Learning What Not to Impute: An Uncertainty-Aware Diffusion Framework for Meaningful Missingness
2026-06-03 • Machine Learning
Machine Learning
AI summaryⓘ
The authors point out that in many datasets, some missing values are truly absent on purpose, while others are missing by accident and need to be filled in. They introduce a new problem called selective imputation, which aims to figure out which missing entries should be kept as missing and which should be guessed. To solve this, they propose Diff-Joint, a method that uses a special process called diffusion to both fill in missing data and decide which values are genuinely missing. Their tests show that Diff-Joint can tell apart meaningful missing values and also does a good job at filling in data to help with further analysis.
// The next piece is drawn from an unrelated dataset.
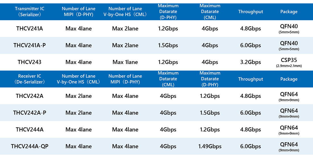 Choose from 7 specialized products combining MIPI® and V-by-One® HS, optimized for various transmission speeds, lane counts, and system architectures.

missing value imputationselective imputationdiffusion modelstabular datalatent maskconditional samplinguncertainty-aware aggregationdata imputationmachine learning
Authors
Lixing Zhang, Yidong Ouyang, Weifu Li, Shixiang Zhu, Guang Cheng, Liyan Xie
Abstract
Missing value imputation is a fundamental task in machine learning, with most existing methods assuming that all missing entries correspond to unobserved regular values. In many real-world datasets, however, missingness may arise from two distinct sources: some entries are meaningfully missing (intrinsically absent and semantically valid), while others are missing due to the observation process and should be imputed. We formalize this distinction as a selective imputation problem, where the goal is to jointly infer which missing entries should be preserved and which should be recovered. To address this challenge, we propose Diff-Joint, a diffusion-based framework that jointly models tabular data together with a latent missingness mask. The method alternates between conditional sampling and uncertainty-aware aggregation to iteratively refine both imputed values and missingness labels. Empirical results on synthetic and real-world datasets demonstrate that Diff-Joint effectively identifies meaningfully missing entries while achieving competitive imputation accuracy and improved downstream task performance.